[Data for the task]
┄┄┄┄┄┄┄┄┄┄┄┄┄┄┄┄┄┄┄┄
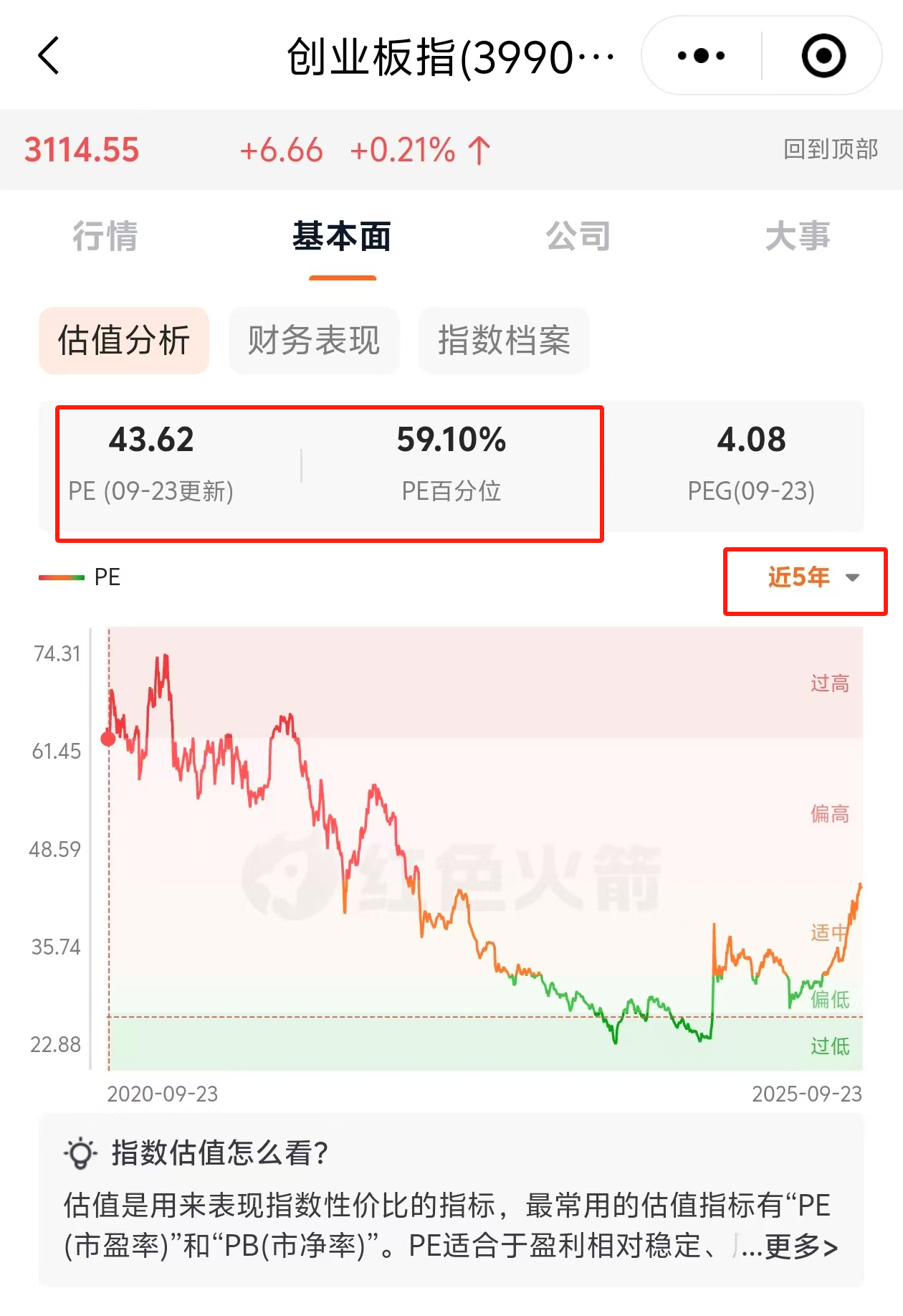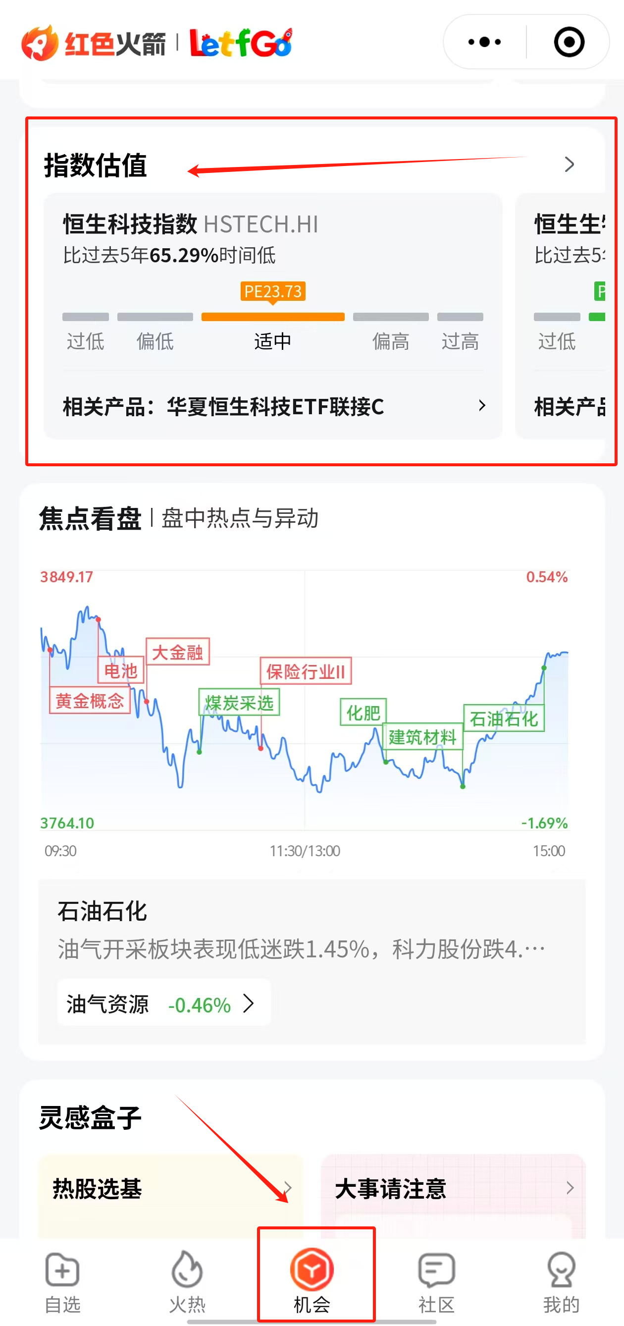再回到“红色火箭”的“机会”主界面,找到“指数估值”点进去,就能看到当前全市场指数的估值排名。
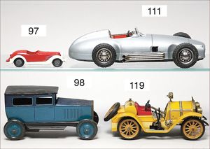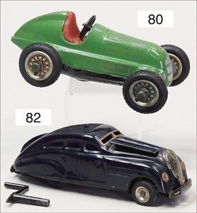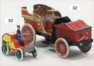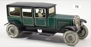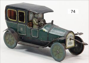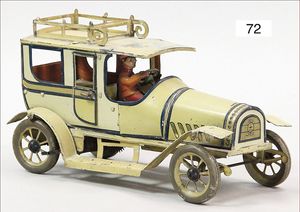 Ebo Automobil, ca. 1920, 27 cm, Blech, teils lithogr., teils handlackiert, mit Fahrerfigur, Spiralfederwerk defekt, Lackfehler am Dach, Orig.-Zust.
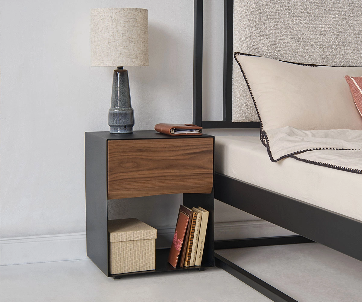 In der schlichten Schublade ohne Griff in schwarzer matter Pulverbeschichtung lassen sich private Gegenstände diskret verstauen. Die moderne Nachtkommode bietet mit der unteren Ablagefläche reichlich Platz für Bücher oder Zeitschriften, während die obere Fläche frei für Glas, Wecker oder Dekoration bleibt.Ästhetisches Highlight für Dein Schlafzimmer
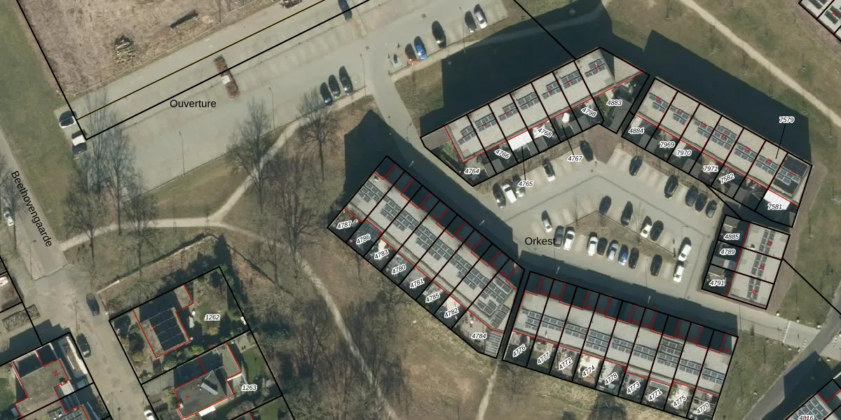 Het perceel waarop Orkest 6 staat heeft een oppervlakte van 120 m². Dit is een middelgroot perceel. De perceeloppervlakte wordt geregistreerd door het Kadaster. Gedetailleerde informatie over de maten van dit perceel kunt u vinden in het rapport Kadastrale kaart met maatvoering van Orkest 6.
┄┄┄┄┄┄┄┄┄┄┄┄┄┄┄┄┄┄┄┄
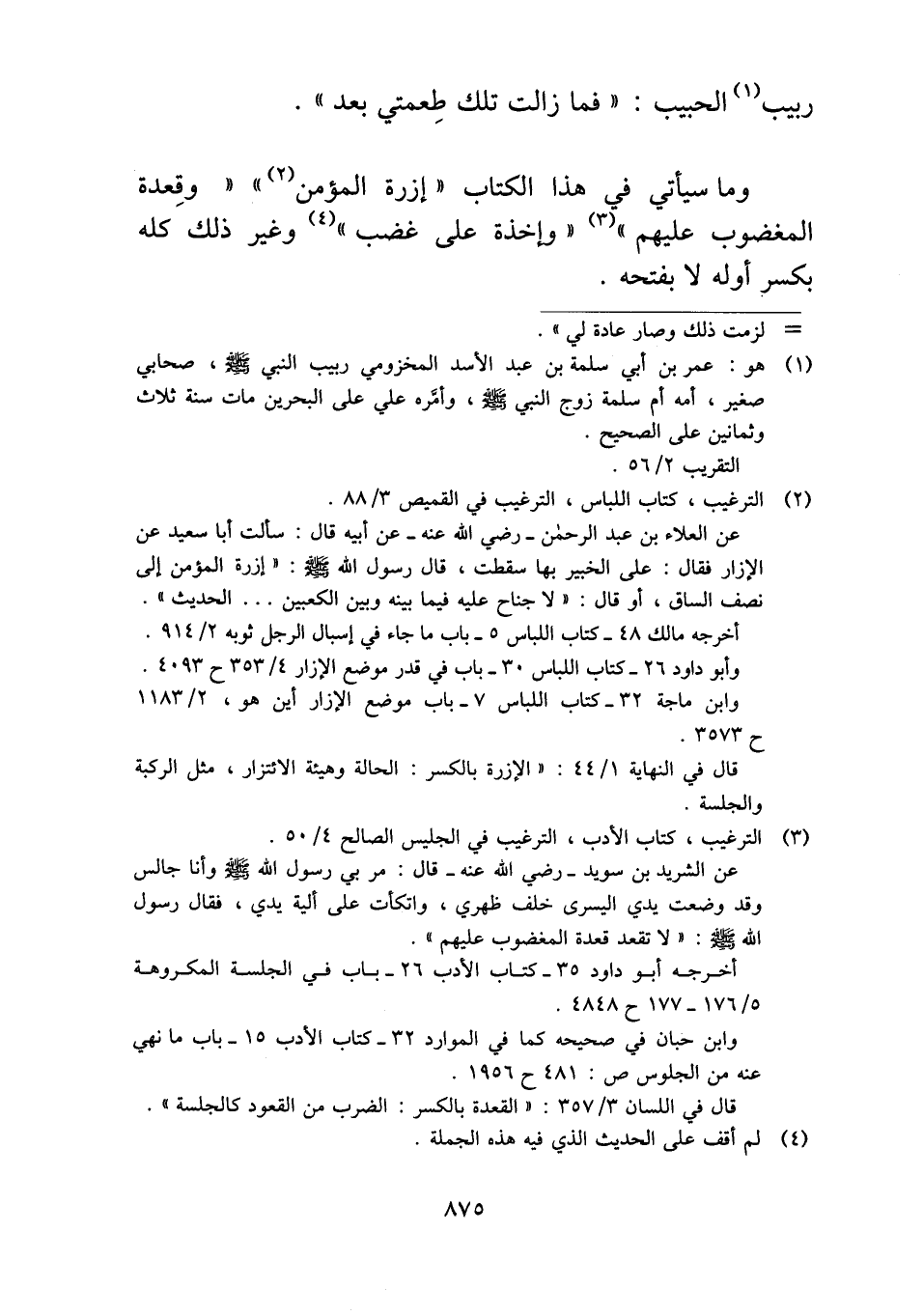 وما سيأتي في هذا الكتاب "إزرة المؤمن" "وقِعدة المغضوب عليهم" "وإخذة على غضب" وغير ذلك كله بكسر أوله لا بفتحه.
┄┄┄┄┄┄┄┄┄┄┄┄┄┄┄┄┄┄┄┄
[Problem to work on] An exact copy is needed of the stretch above that opens with the line containing "In der schlichten" and closes with the line containing "Het perceel waarop"; the pictures are not part of it.

[Result below]
 In der schlichten Schublade ohne Griff in schwarzer matter Pulverbeschichtung lassen sich private Gegenstände diskret verstauen. Die moderne Nachtkommode bietet mit der unteren Ablagefläche reichlich Platz für Bücher oder Zeitschriften, während die obere Fläche frei für Glas, Wecker oder Dekoration bleibt.Ästhetisches Highlight für Dein Schlafzimmer
 Het perceel waarop Orkest 6 staat heeft een oppervlakte van 120 m². Dit is een middelgroot perceel. De perceeloppervlakte wordt geregistreerd door het Kadaster. Gedetailleerde informatie over de maten van dit perceel kunt u vinden in het rapport Kadastrale kaart met maatvoering van Orkest 6.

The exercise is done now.